Assigned task:
Of the lines below, copy those that hold the word "nicht".

Listed records:
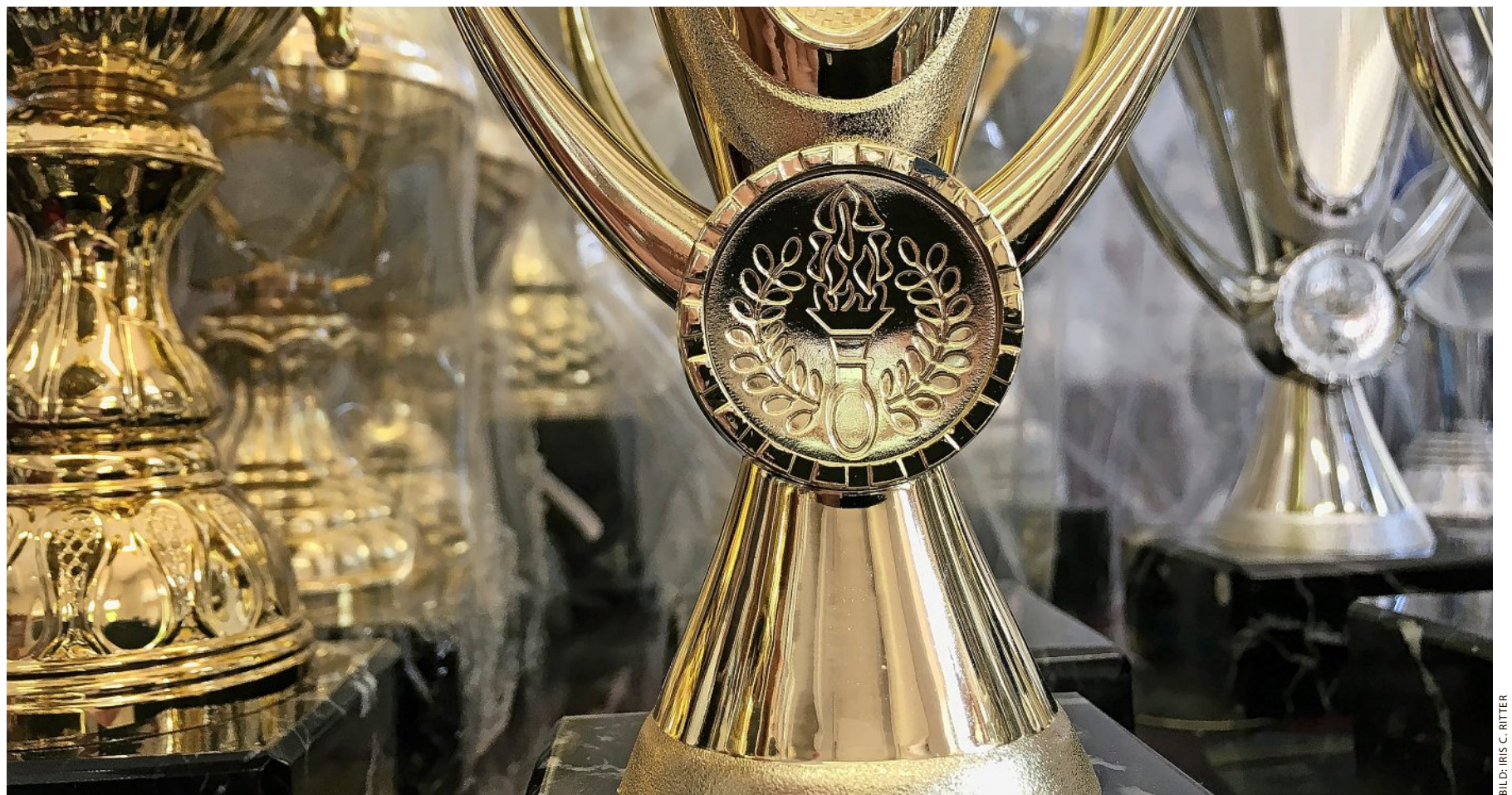
Ein Pokal für aktives Anlegen: 2020 war ein Jahr, in welchem sich gezieltes Investieren in bestimmte Aktien ausbezahlt hat.

So überrascht es nicht, dass im sogenannten Standardsegment bloss 40% der aktiv gemanagten Fonds in den vergangenen zwölf Monaten den SMI übertrafen. Jeder zehnte Fonds hat im Coronajahr gar an Wert verloren, darunter etwa Produkte der PostFinance, Swisscanto sowie der Berner und Schwyzer Kantonalbank. Zwar sind Einjahresbetrachtungen bloss Momentaufnahmen. Allerdings bieten gerade Krisenjahre den aktiven Managern die besten Chancen.
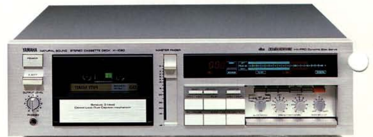
auch in Schwarz erhältlich

Als Flaggschiff einer anspruchsvollen Reihe von Kassetendecks ist das K-1020 durch zahlreiche technische Besonderheiten auf maximale Aufnahmequalität und hohen Bedienungskomfort ausgelegt. Dual Capstan-Antrieb mit geschlossener Regelschleife, und Yamahas Tonköpfe aus Sendust höchster Reinheit, gewährleisten ultrapräzisen, stabilen Bandtransport und linearen Frequenzgang über einen großen Bereich. Zur vollständigen Kompatibilität mit jeglichen Rauschunterdrückungssystemen stehen Dolby B und C sowie dbx jeweils doppelt zur Verfügung. Der große Dynamikbereich von Dolby C und dbx gestattet perfekte Aufzeichnungen digitaler Aufnahmen. Eine weitere Qualitätssteigerung bewirkt das HX Professional Dynamic Bias Servo-System. Aussteuerungsinstrumente mit Leuchtbalken zeigen in Abhängigkeit des eingelegten Bandtyps, und des vorgewählten Rauschunterdrückungssystems die empfohlene Maximalaussteuerung automatisch an. Vielseitige Ausstattung wie Master Fader mit separater Balance und Vor- bzw. Rückspulen in zwei Geschwindigkeiten, prägt das Erscheinungsbild eines Kassetendecks der absoluten Spitzenklasse.
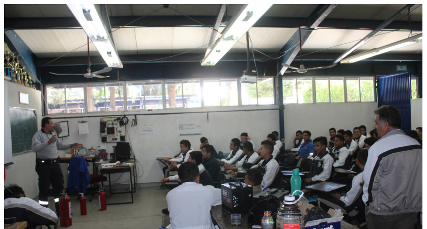
Foto: Capacitaciones en materia de Protección Civil a Guarderías e Instituciones Educativas y Gubernamentales
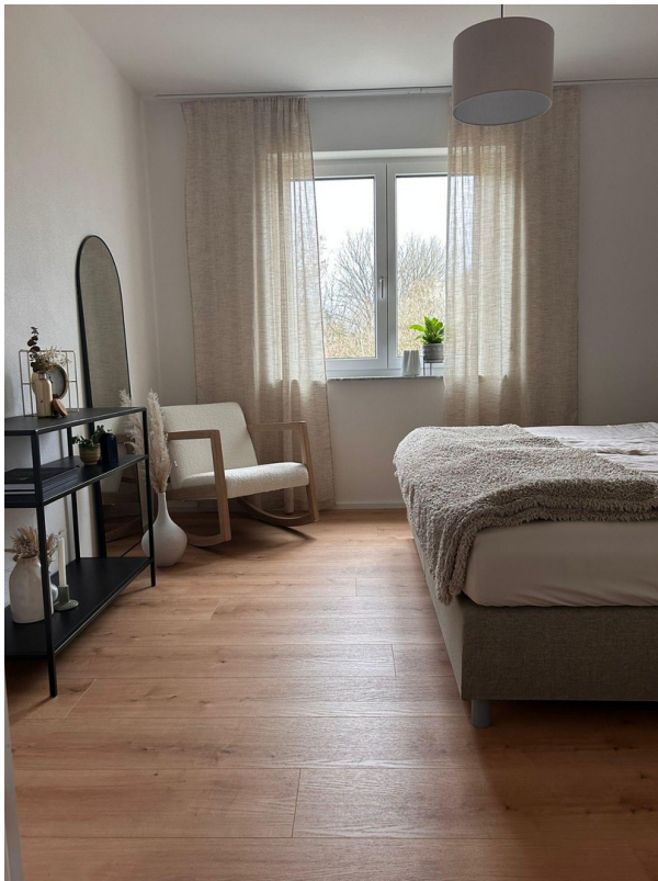
Musterfoto / nicht möbliert
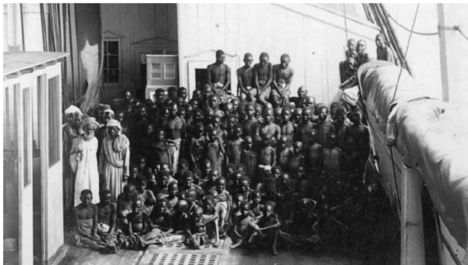
Ekonomski model britanske Istočno-indijske tvrtke bio je nametnuti globalni sustav kolonijalne pljačke, koja je prozročila višestruke pojave pomora gladu u Indiji i drugdje. Na slici trgovina robljem preko Indijskog oceana.

Sad, hrane nema. To je posljedica namjerne „politike svjetske tržišne ovisnosti“, čija nakana je genocid.
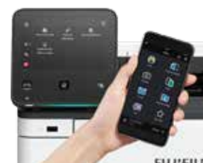
Drukowanie z urządzeń mobilnych
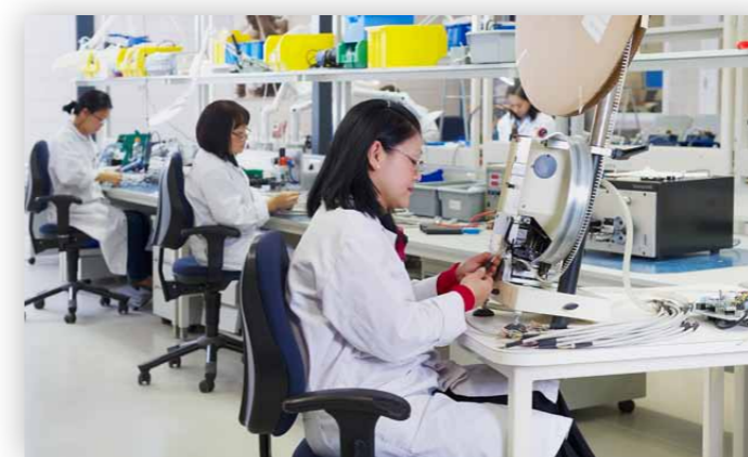
Unsere Produktion in den Niederlanden
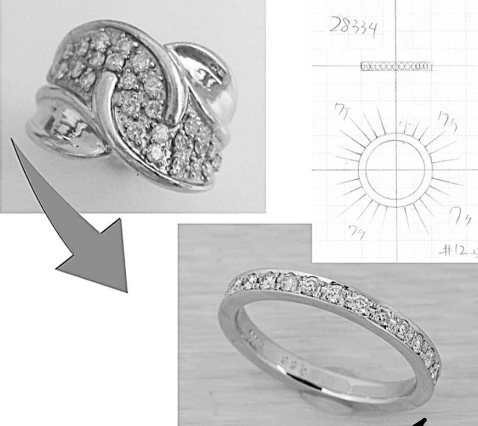
28334 使いたくないダイヤリングをフルオーダーリフォーム
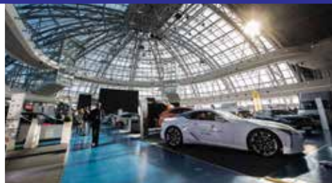
Targi Motoryzacyjne TSLA EXPO

ponad 20 wydarzeń może się odbywać jednocześnie w przestrzeni CWK G2A Arena
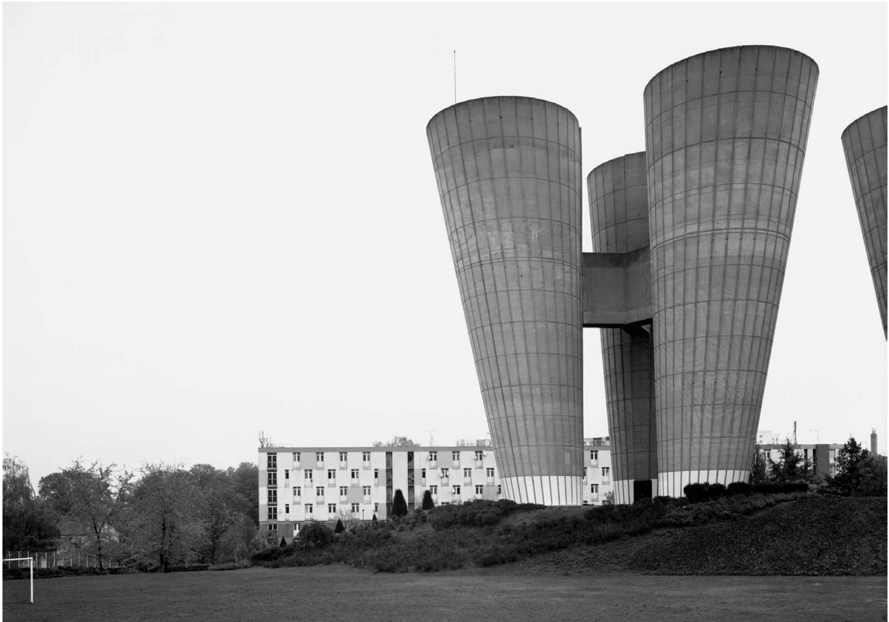
AVENUE DU PRÉSIDENT ALLENDE, VILLEJUIF 2007 gelatin silver print 100 x 61 cm
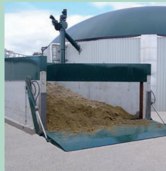
Container récepteur carrossable en béton avec rampe de fermeture hydraulique
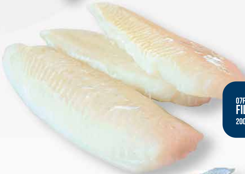
07F72 FILETE HALIBUT 200/400 25% GL. 1X6 KG
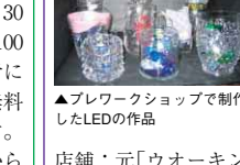
▲プレワークショップで制作したLEDの作品

「LEDが魅せる」とくしまの場所探しをしよう」をテーマに、次のとおりワークショップを開催します。 【とき】11月8日(土)13:30~16:30(雨天決行) 【集合場所】東新町1丁目商店街空き店舗:元「ウォーキンスストア」
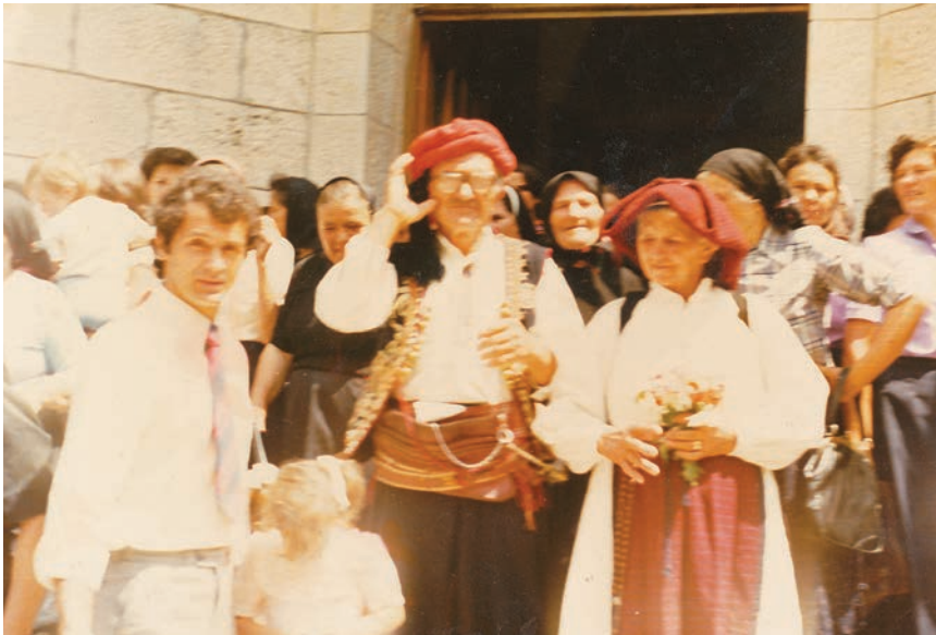
Detalj iz 1981. s proslave 50. obljetnice braka njegovih roditelja

Takvi su se postupci prorijedili nakon što je njegova supruga, iznervirana maltretiranjima, digla veliku dreku i pošteno izvrijeđala "posjetitelje". Ipak, najviše je problema imao s produživanjem isteklih dokumenata, osobito putovnica. To je obično trajalo vrlo dugo, čak toliko dugo da je ponekad ugrožavalo i redovite obveze koje je prof. Marić imao u inozemstvu. Na kraju bi sve završavalo razgovorom s nekim referentom ili referenticom i svojevrsnim "ispiranjem mozga".
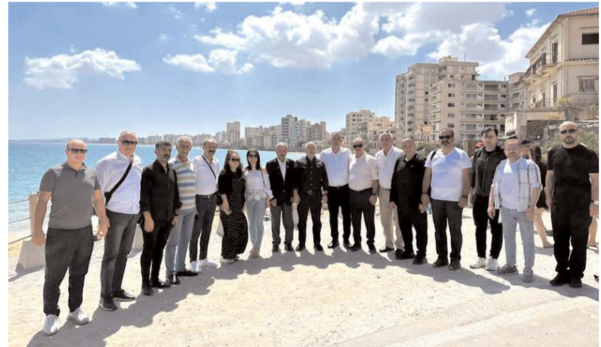
Heyet Kapalı Maraş bölgesini gezdi.
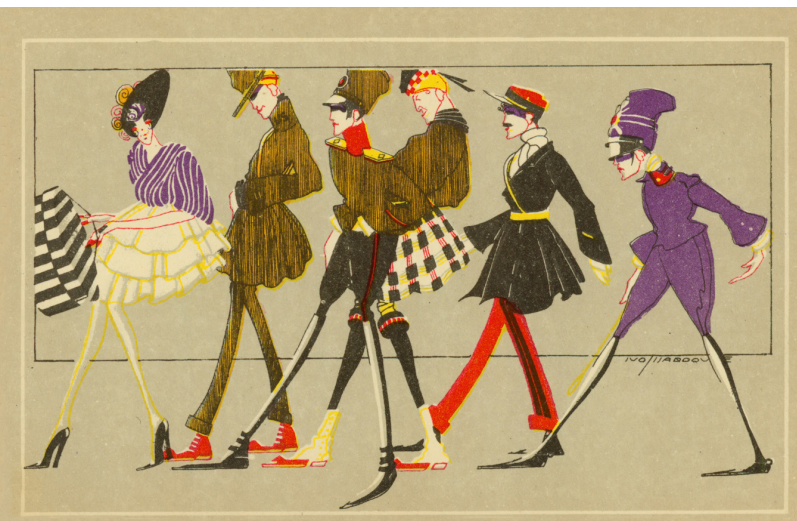
Slika 6. Razglednica Na pariškom bulevaru

Duško Kečkemet u monografiji Nepoznati Tijardović otkriva malo poznati likovni opus Tijardovića iz 20-ih godina 20. stoljeća, koji je nezasluženo ostao u sjeni njegova skladateljskog rada, ističući njegovu vrijednost i značaj, koji su bili zanemareni u širim pregledima umjetnosti tog razdoblja, posebno u okvirima hrvatskog art déco a 20-ih godina (a koji on krsti „avangardnim stilskim doprinosom”). 30 Knjiga je donijela više od sto i osamdeset obojenih crteža, novinskih ilustracija, grafika i razglednica iz arhiva Sveučilišne knjižnice u Splitu, Hrvatskog glazbenog zavoda, Galerije umjetnina u Splitu i privatnih zbirka.
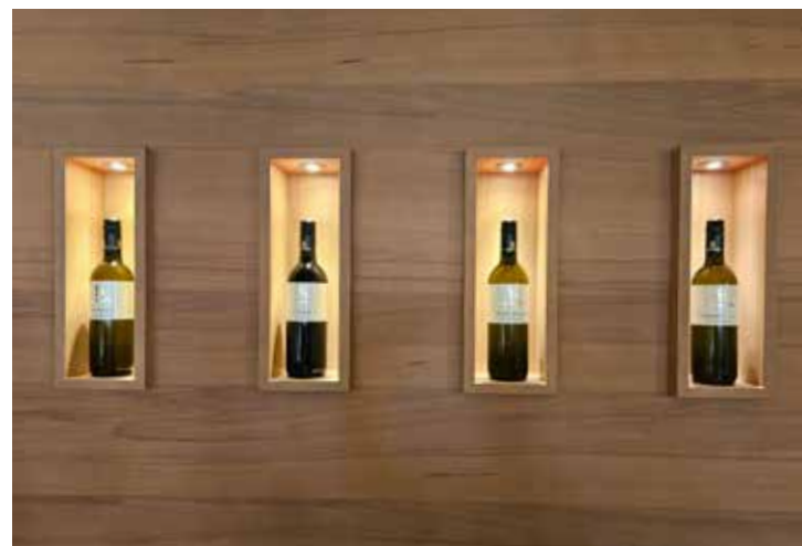
Beim Heurigen Schabasser präsentiert sich der Wein in ansprechender Weise.
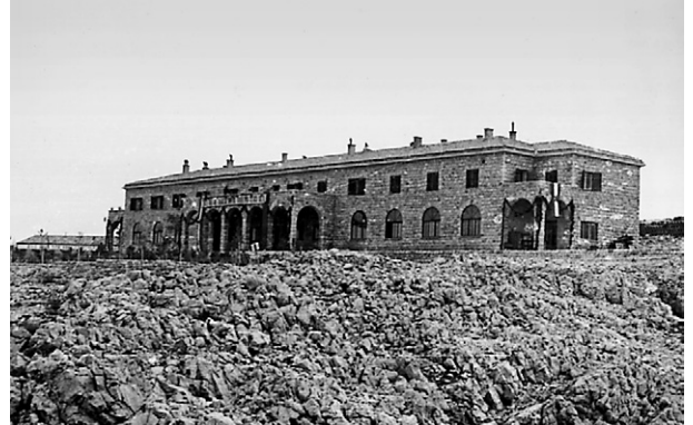
Zgrada tzv. "Hotela"

Tzv. „Hotel“ je zgrada izgrađena tijekom 1950. godine. Služila je kao smještajni objekt za isljednike pripadnike Udbe (1. kat) te prostor za isljeđivanje logoraša i objed (prizemlje). Današnja šuma oko zgrade „Hotela“ rezultat je pošumljivanja od 1950. godine. Naime, uspostavljanje logora promijenilo je Goli otok i njegov okoliš, nije samo utjecalo na logoraše na njemu. Prostor ispred zgrade izvorno je bio kameni krš, kako se vidi na fotografiji. Uprava logora htjela je pošumiti Goli otok ili bar njegove dijelove gdje je to bilo moguće. Zemlja je dovožena s obližnjih otoka te korištena za sadnju drveća, uglavnom borova. Tajna policija i tu je spajala politički preodgoj i prisilni rad. Logoraši su morali satima stajati na mjestu kako bi svojim tijelima štitili sadnice od jakog sunca.
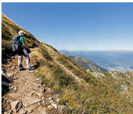
Aussicht von Beginn weg: Aufstieg zum Monte Tamaro.
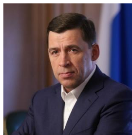
Е.В. Куйвашев Губернатор Свердловской области
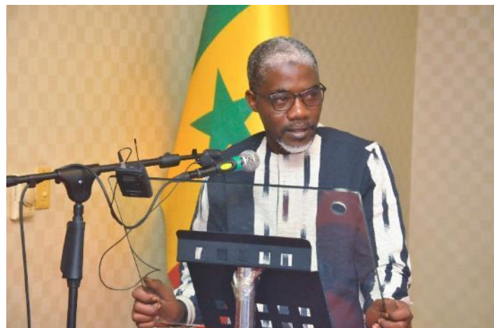
Figure 18 : Intervention du Secrétaire d'Etat aux coopératives et à l'encadrement paysan
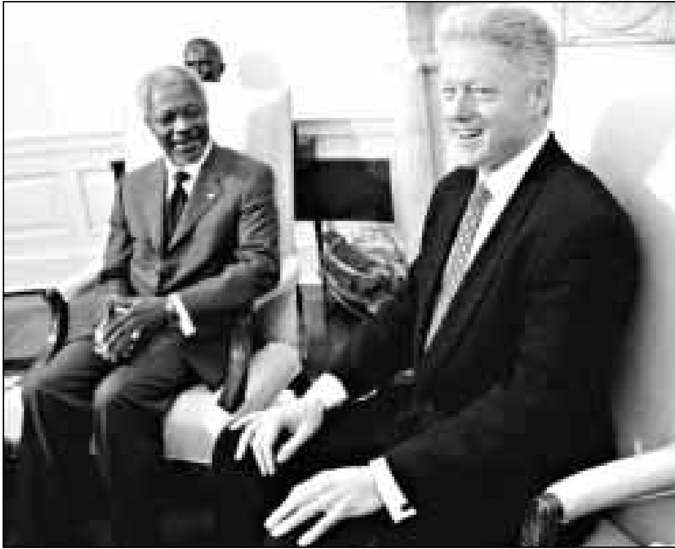
كلينتون مستقبلا انان في المكتب البيضاوي امس

جاء قراره بعد ان رفض كلينتون الموافقة على تعديل قانوني يلغي شرعية الدعم المالي للاجهاض. واعدت وكيل الامين العام كورن ان الامم المتحدة لا تستطيع استعادة صحتها المالية دون تسديد الديون الامريكية وقال ان المبلغ ضخم جدا، وتستثمر الامم المتحدة الاموال من عمليات حفظ السلام، واذا انتهت هذه العمليات فان صندوق الامم المتحدة مرشح للتبؤ. ورغم اشداء انان بموقف حكومة كلينتون تجاه الساعي الدبلوماسية لحل الازمة مع العراق فان واشنطن قد اعترت عدم رضاه عن موقف انان الذي اعتبرته انه اقرب الى الموقف الذي اتخذته فرنسا وروسيا والصين وبعض الدول العربية، واشنطن التي تخشى من ان انان سوف يدعم وفقا لمكبر العقوبات الاقتصادية اصيحت منذ مؤتمر مدريد عام 1991 قضية الامم المتحدة.

Output below:
So überrascht es nicht, dass im sogenannten Standardsegment bloss 40% der aktiv gemanagten Fonds in den vergangenen zwölf Monaten den SMI übertrafen. Jeder zehnte Fonds hat im Coronajahr gar an Wert verloren, darunter etwa Produkte der PostFinance, Swisscanto sowie der Berner und Schwyzer Kantonalbank. Zwar sind Einjahresbetrachtungen bloss Momentaufnahmen. Allerdings bieten gerade Krisenjahre den aktiven Managern die besten Chancen.
Musterfoto / nicht möbliert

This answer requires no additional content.